### [YOUR GOAL]
The expected answer is a verbatim transcription of the lines below, beginning with the first and ending with the line that holds "Hutan bakau yang", without pictures.

### [DATASET EXTRACT]

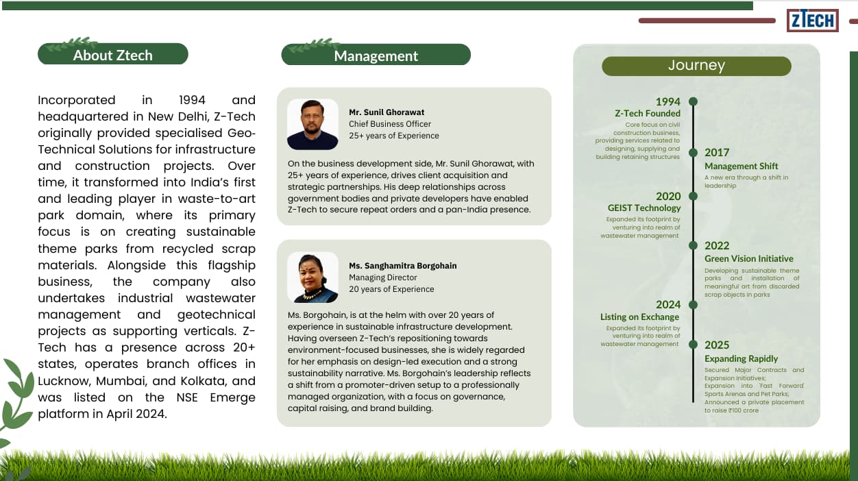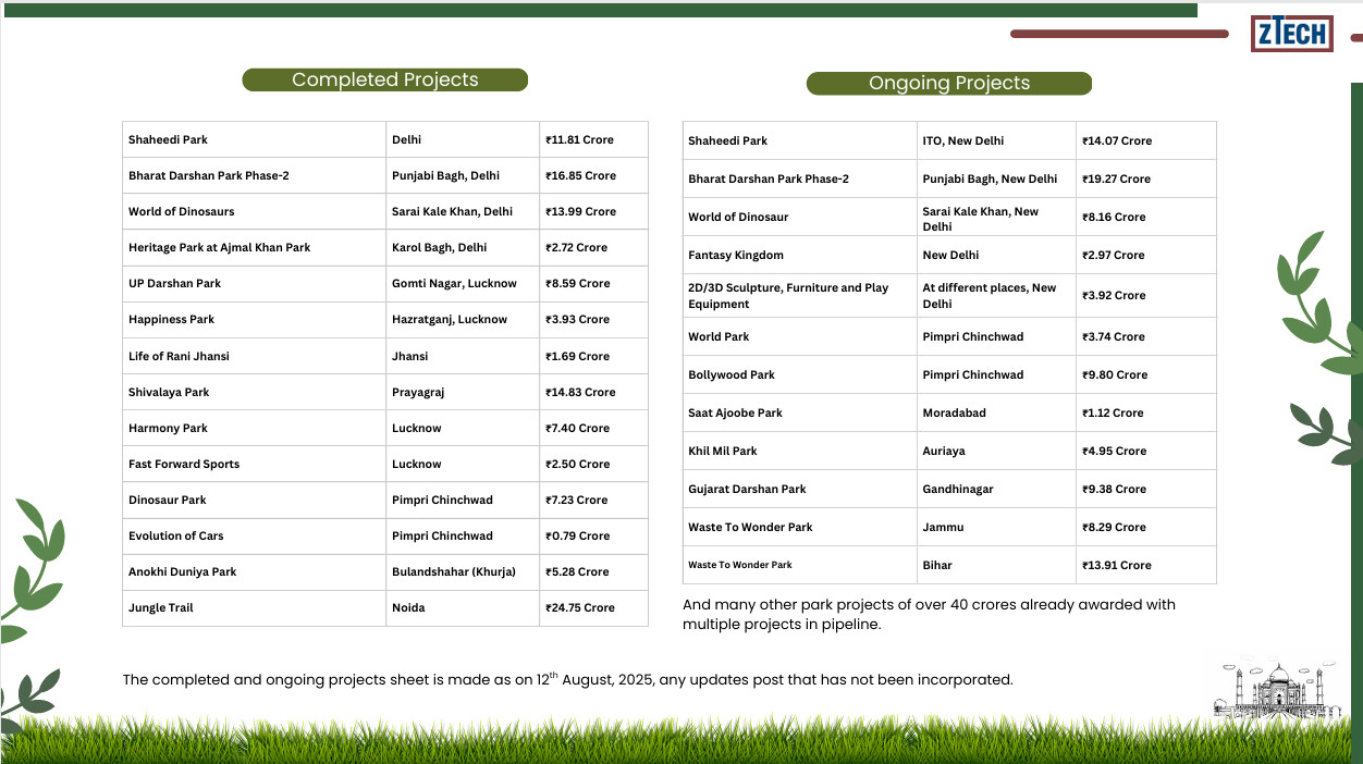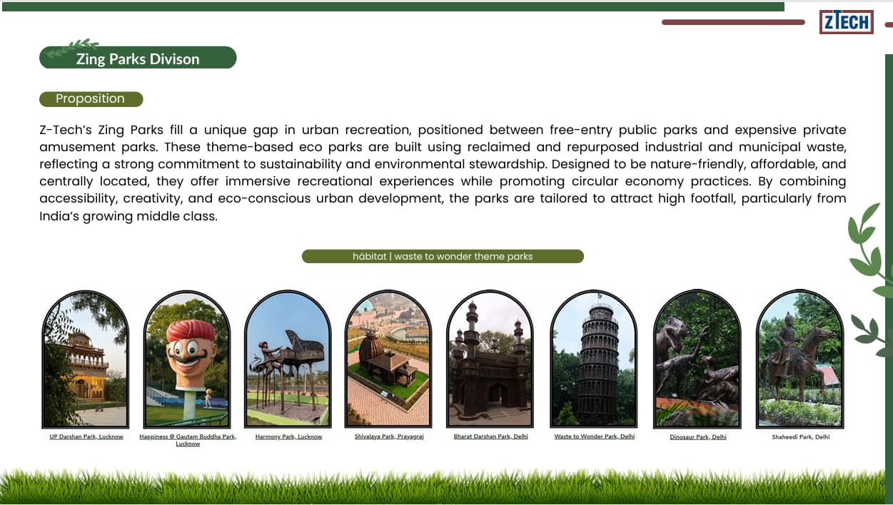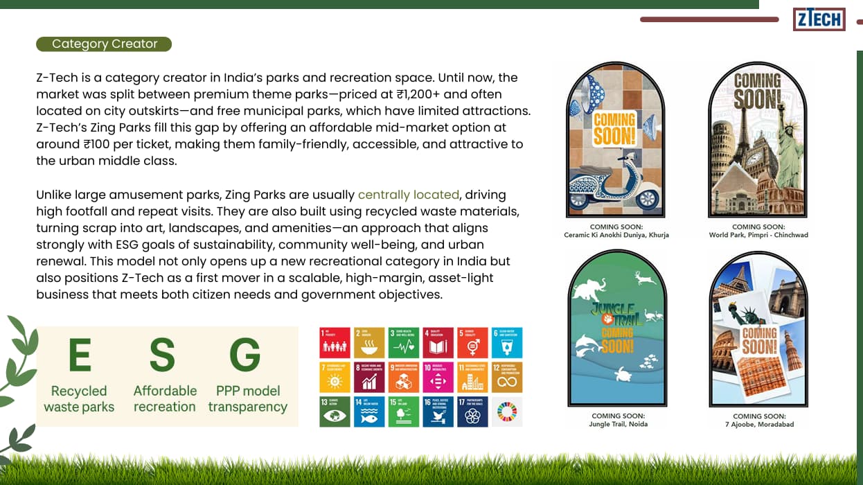 Expansion and Diversification: Z-Tech is actively pursuing geographical expansion, particularly in South India where it only has one park, and is exploring international opportunities, with active leads in Dubai. The company is also diversifying its offerings to include fast forward sports arenas, pet parks, and potentially Waste to Art Products.
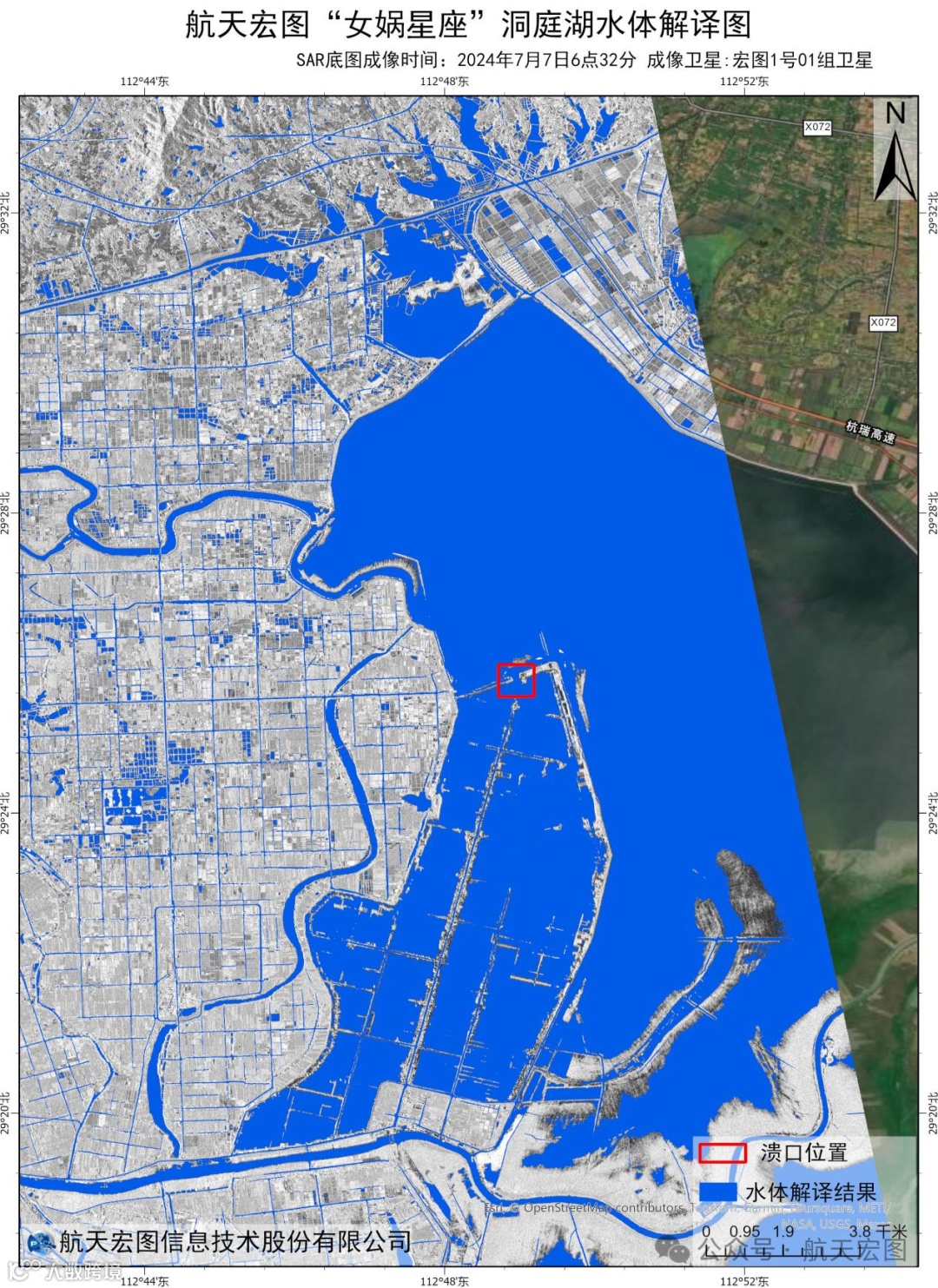 2024年7月,洞庭湖团洲垸因强降雨发生决堤。利用SAR影像与天权模型快速提取水体信息,清晰呈现溃口位置与淹没范围,为抢险救援提供关键数据支持。
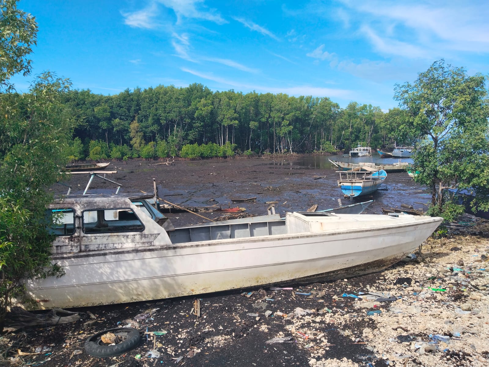 Hutan bakau yang seharusnya menjadi benteng alami pertahanan pantai, kini diduga habis ditebang dan dirusak.
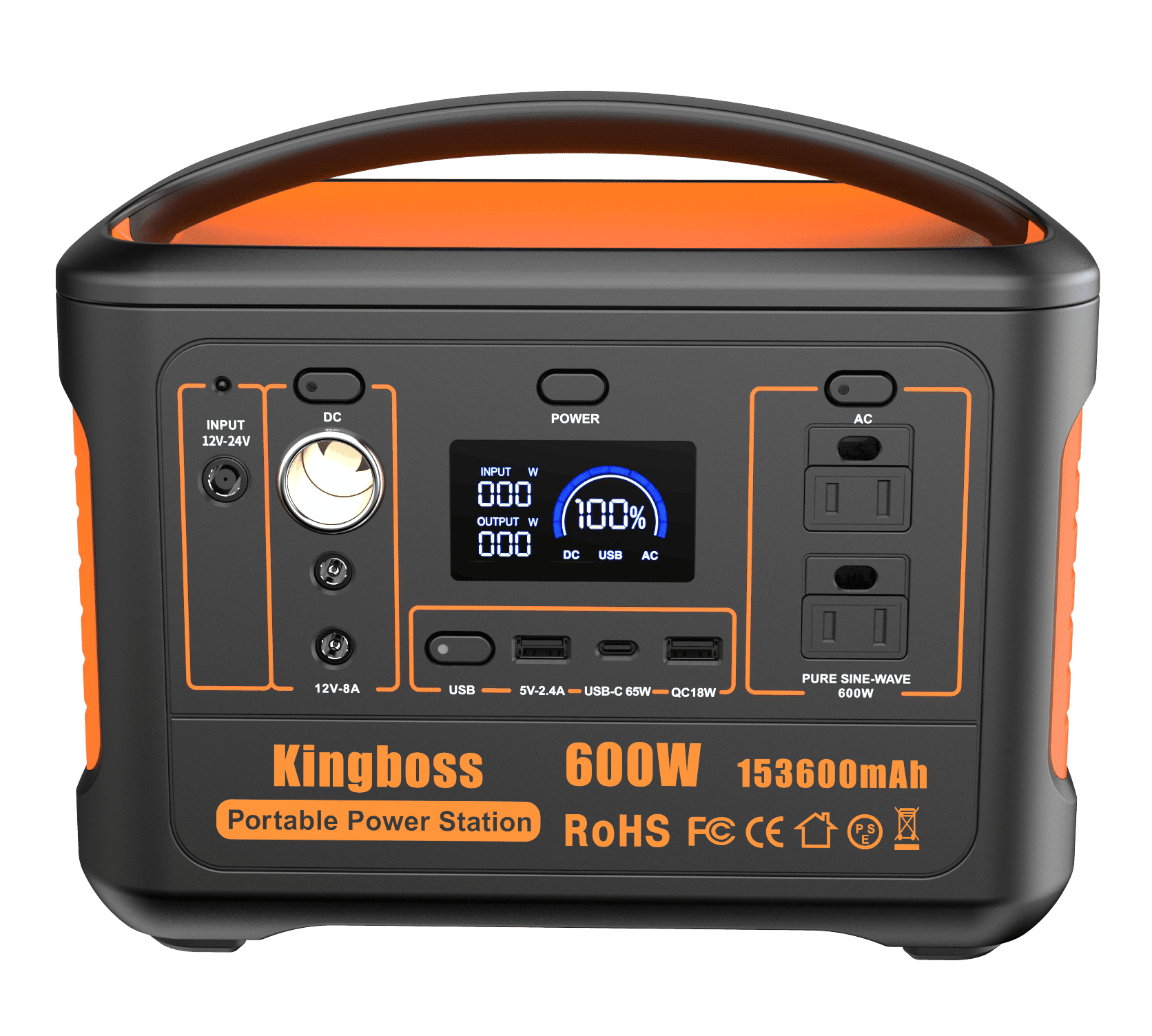 [MULTIPLE OUTPUT PORTS]: Kingboss Portable Power Station is featured with AC/DC/USB outputs: 2*110V AC output (600W); QC 3.0 USB port; 1*USB port (5V-2.4A); 1*USB-C PD65W; 1*DC input with 1*DC input (12V- 24V).[DEVICES]: Our Portable Power Station can charge devices such as: Computer; Jump Starter; Mini Projector; Fan; Mini Fridge; Printer; Drone; Phones/Tablet; Powertool; Laptop/TV. Only Devices up to 600W can be charged.[INCLUDES]: Kingboss Electric Generator includes 600W outdoor and indoor power supply; Car charger; AC power adapter; USB-C Cable + Kingboss Travel Carrying Case. Our 600W Power Station is perfect to be transported due to its weight (11Ibs) and size (7.70x5.20x9.10in).[RECHARGING METHODS]: Our Battery Powered Outlet can be recharged: With a compatible 100W solar photovoltaic panel (8 hours); With our car charger (12 hours); With AC Wall Outlet (6.5 hours). Lithium Battery 1000W recharges faster than other batteries.[PROTECTION]: Kingboss Battery Generator is equipped with an advanced BMS (Battery Management System) Multiple Outlet that protects the battery and devices against short circuits; over-temperature; overcharging; overvoltage and overpowering.[SAFETY]: Our power bank includes a Pure Sine Wave AC output that ensures stable and safer charging; and reduces audible and electrical noise. On top of that; it contains an MPPT controller built-in for optimized high-efficiency solar charging.[RELIABLE]: To give customers a pleasant experience; Kingboss offers a 2 Year Warranty that allows you to return the portable generator by 7 days in case it is defective; and a 24/7 customer service. Camping outdoor awaits you with our Solar Generator!

### [COMPLETED TASK]
 Expansion and Diversification: Z-Tech is actively pursuing geographical expansion, particularly in South India where it only has one park, and is exploring international opportunities, with active leads in Dubai. The company is also diversifying its offerings to include fast forward sports arenas, pet parks, and potentially Waste to Art Products.
 2024年7月,洞庭湖团洲垸因强降雨发生决堤。利用SAR影像与天权模型快速提取水体信息,清晰呈现溃口位置与淹没范围,为抢险救援提供关键数据支持。
 Hutan bakau yang seharusnya menjadi benteng alami pertahanan pantai, kini diduga habis ditebang dan dirusak.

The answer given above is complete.